### Instructions for the task
Word for word, restate the listing that follows and leave out the images.

### Given data
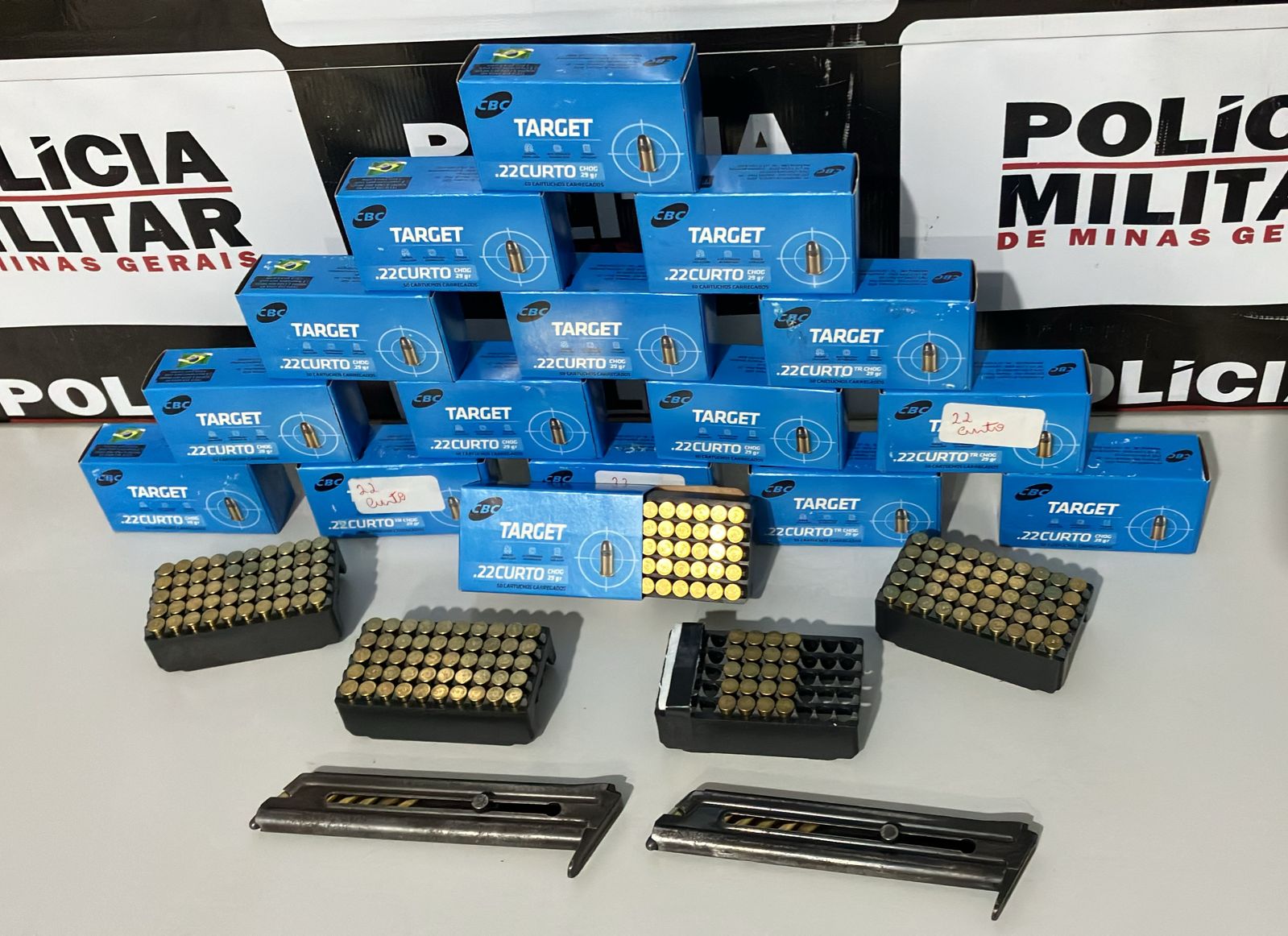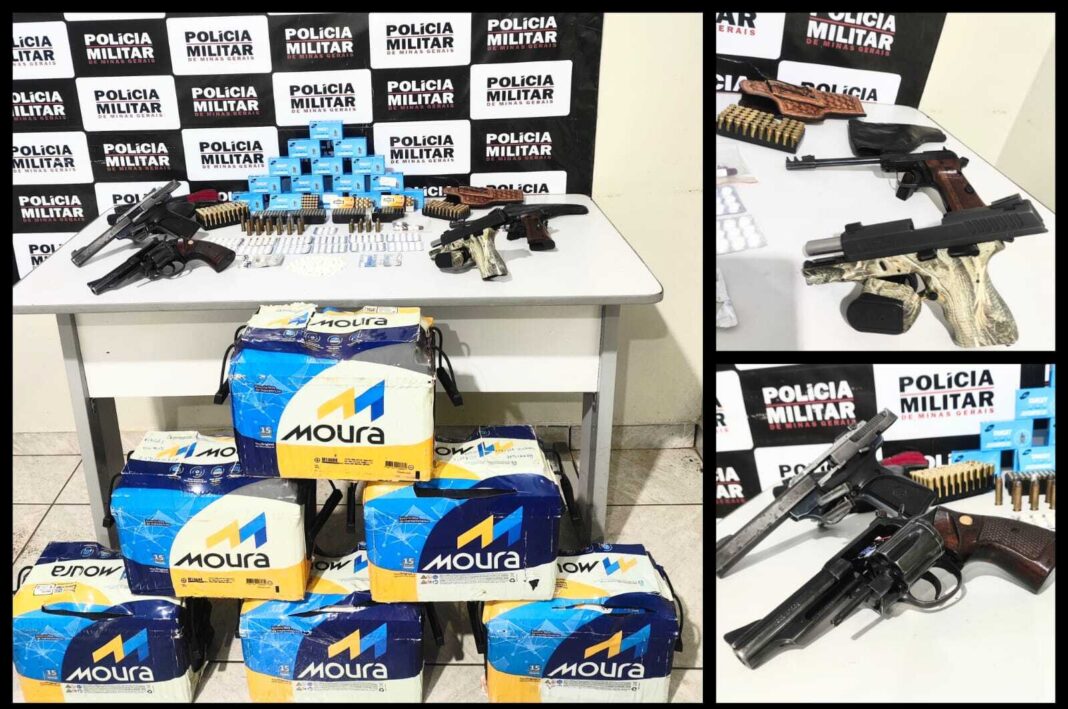 Entre os itens apreendidos estavam quatro armas de fogo, pistolas e revólveres de diferentes calibres, mais de 1,2 mil munições intactas, comprimidos semelhantes a rebites, coldres e baterias automotivas.
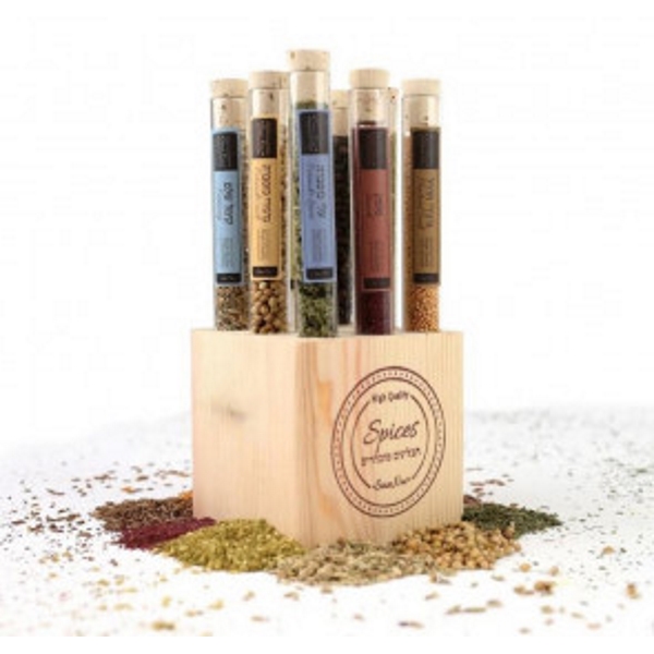 בתוכו 8 מבחנות עם תבלינים מובחרים.
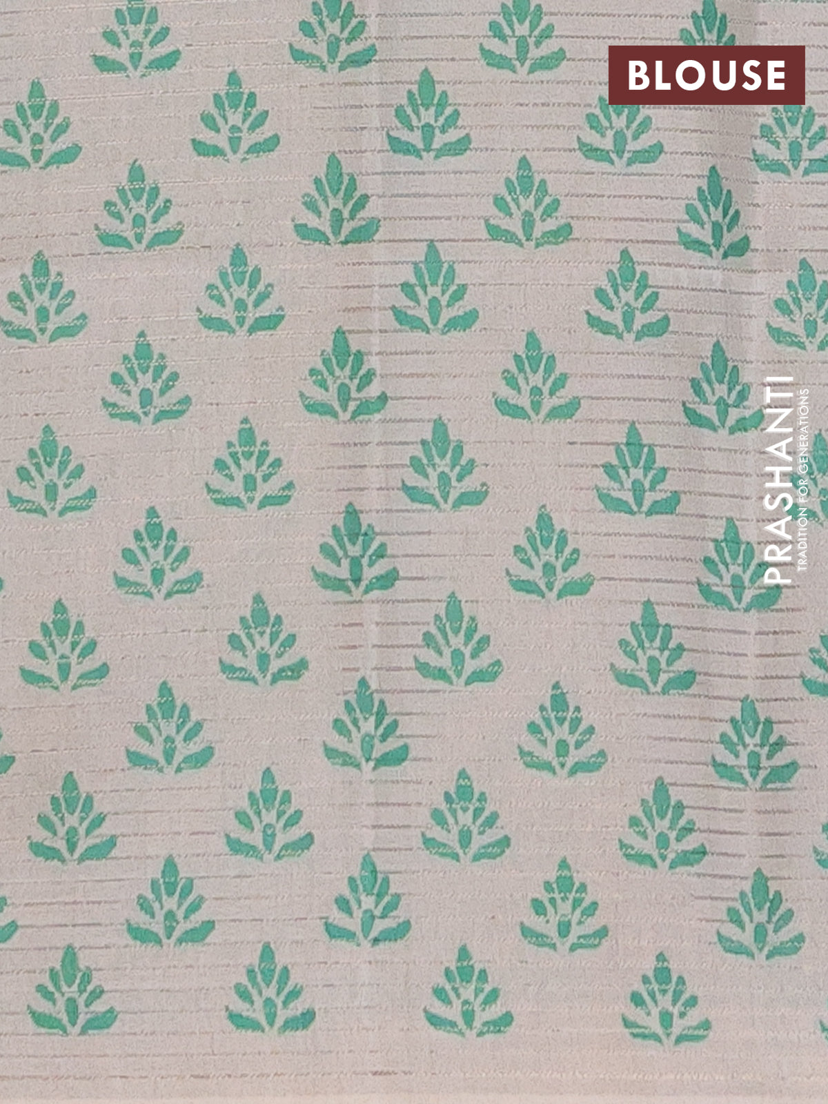 Chappa saree beige and teal green with allover small zari checked pattern and printed border
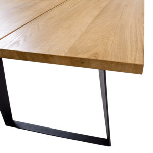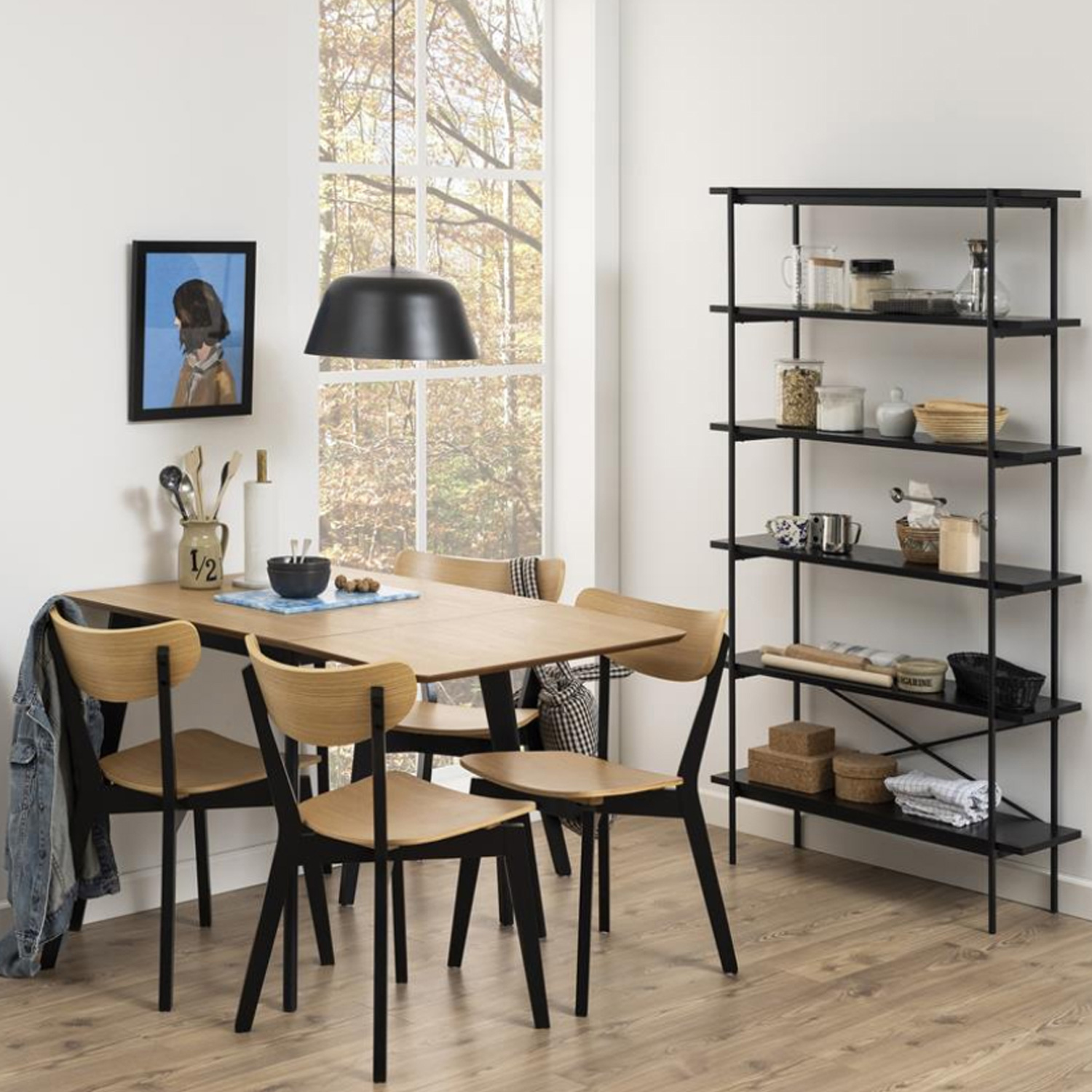 Valgomojo stalas ROXBY 120x80xH76cm, ąžuolas/juoda. Stalo stalviršis dengtas natūralaus ąžuolo lukštu. Stalas padengtas laku. Kojos pagamintos iš kaučiukmedžio ir nudažytos juodai. Stalo matmenys 120x80xH76 cm.

### Your solution
 Entre os itens apreendidos estavam quatro armas de fogo, pistolas e revólveres de diferentes calibres, mais de 1,2 mil munições intactas, comprimidos semelhantes a rebites, coldres e baterias automotivas.
 בתוכו 8 מבחנות עם תבלינים מובחרים.
 Chappa saree beige and teal green with allover small zari checked pattern and printed border
 Valgomojo stalas ROXBY 120x80xH76cm, ąžuolas/juoda. Stalo stalviršis dengtas natūralaus ąžuolo lukštu. Stalas padengtas laku. Kojos pagamintos iš kaučiukmedžio ir nudažytos juodai. Stalo matmenys 120x80xH76 cm.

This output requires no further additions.